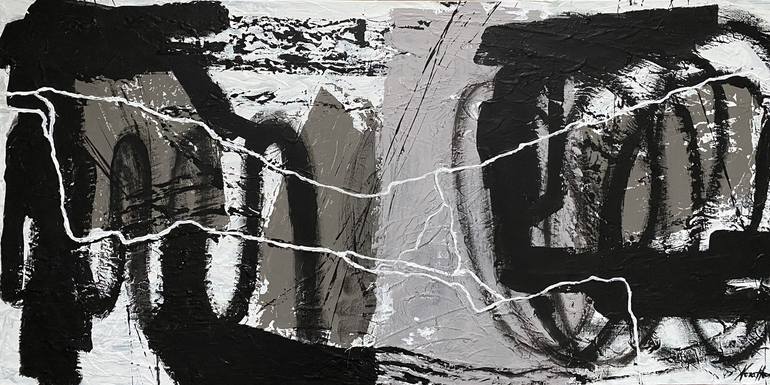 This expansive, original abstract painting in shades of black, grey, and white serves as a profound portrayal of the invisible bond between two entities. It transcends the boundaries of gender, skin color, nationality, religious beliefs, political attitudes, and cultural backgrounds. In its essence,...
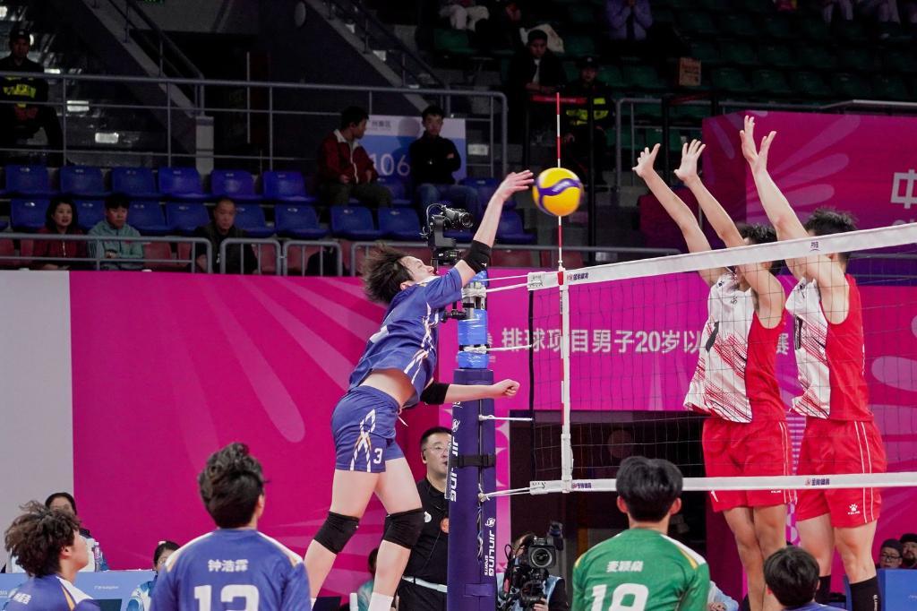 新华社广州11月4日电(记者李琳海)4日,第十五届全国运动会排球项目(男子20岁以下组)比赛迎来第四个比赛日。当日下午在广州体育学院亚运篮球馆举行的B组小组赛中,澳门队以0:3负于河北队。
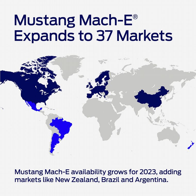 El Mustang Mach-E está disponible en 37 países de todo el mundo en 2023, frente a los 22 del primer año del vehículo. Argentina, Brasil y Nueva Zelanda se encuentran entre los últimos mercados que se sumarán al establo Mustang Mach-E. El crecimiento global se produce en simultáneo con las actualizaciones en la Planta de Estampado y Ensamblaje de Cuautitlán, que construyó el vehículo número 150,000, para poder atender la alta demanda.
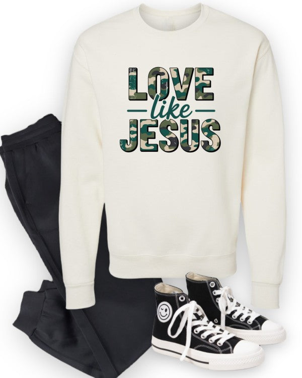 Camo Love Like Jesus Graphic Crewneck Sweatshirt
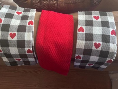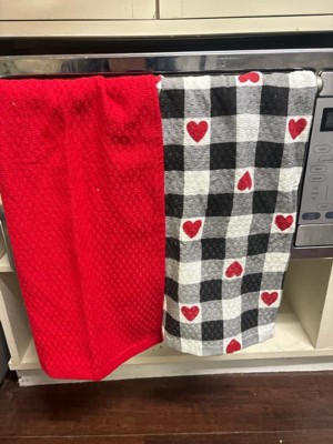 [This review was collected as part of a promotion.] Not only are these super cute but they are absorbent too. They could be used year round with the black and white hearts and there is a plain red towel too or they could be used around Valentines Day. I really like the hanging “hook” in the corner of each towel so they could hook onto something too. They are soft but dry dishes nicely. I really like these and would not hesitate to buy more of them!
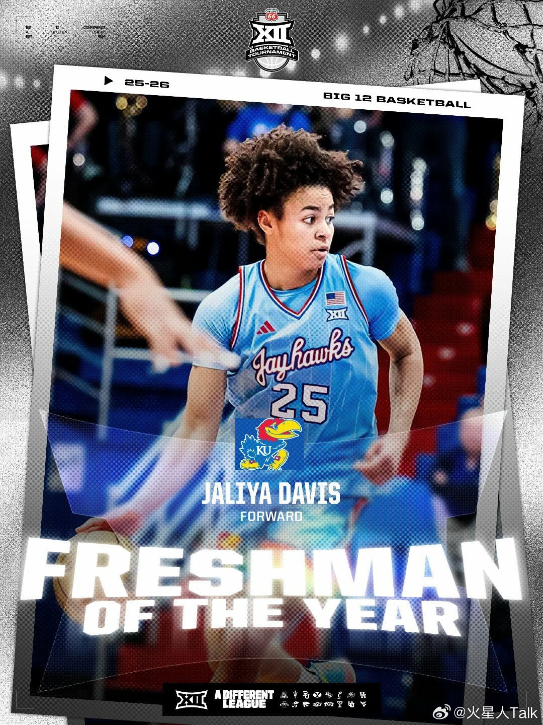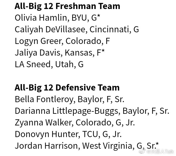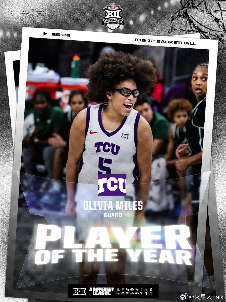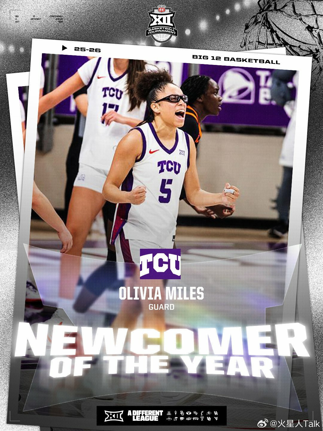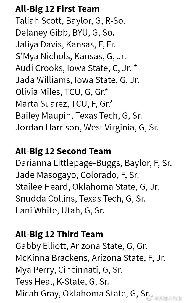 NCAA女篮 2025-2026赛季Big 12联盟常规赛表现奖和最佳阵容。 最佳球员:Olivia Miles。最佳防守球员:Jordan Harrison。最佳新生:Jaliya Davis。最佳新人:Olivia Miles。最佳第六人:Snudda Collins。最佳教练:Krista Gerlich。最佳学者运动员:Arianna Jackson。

------------------------------------

■ **WHAT THE TASK REQUIRES**:
Could you copy every record above exactly, leaving out the pictures?

■ **RESPONSE**:
 This expansive, original abstract painting in shades of black, grey, and white serves as a profound portrayal of the invisible bond between two entities. It transcends the boundaries of gender, skin color, nationality, religious beliefs, political attitudes, and cultural backgrounds. In its essence,...
 新华社广州11月4日电(记者李琳海)4日,第十五届全国运动会排球项目(男子20岁以下组)比赛迎来第四个比赛日。当日下午在广州体育学院亚运篮球馆举行的B组小组赛中,澳门队以0:3负于河北队。
 El Mustang Mach-E está disponible en 37 países de todo el mundo en 2023, frente a los 22 del primer año del vehículo. Argentina, Brasil y Nueva Zelanda se encuentran entre los últimos mercados que se sumarán al establo Mustang Mach-E. El crecimiento global se produce en simultáneo con las actualizaciones en la Planta de Estampado y Ensamblaje de Cuautitlán, que construyó el vehículo número 150,000, para poder atender la alta demanda.
 Camo Love Like Jesus Graphic Crewneck Sweatshirt
 [This review was collected as part of a promotion.] Not only are these super cute but they are absorbent too. They could be used year round with the black and white hearts and there is a plain red towel too or they could be used around Valentines Day. I really like the hanging “hook” in the corner of each towel so they could hook onto something too. They are soft but dry dishes nicely. I really like these and would not hesitate to buy more of them!
 NCAA女篮 2025-2026赛季Big 12联盟常规赛表现奖和最佳阵容。 最佳球员:Olivia Miles。最佳防守球员:Jordan Harrison。最佳新生:Jaliya Davis。最佳新人:Olivia Miles。最佳第六人:Snudda Collins。最佳教练:Krista Gerlich。最佳学者运动员:Arianna Jackson。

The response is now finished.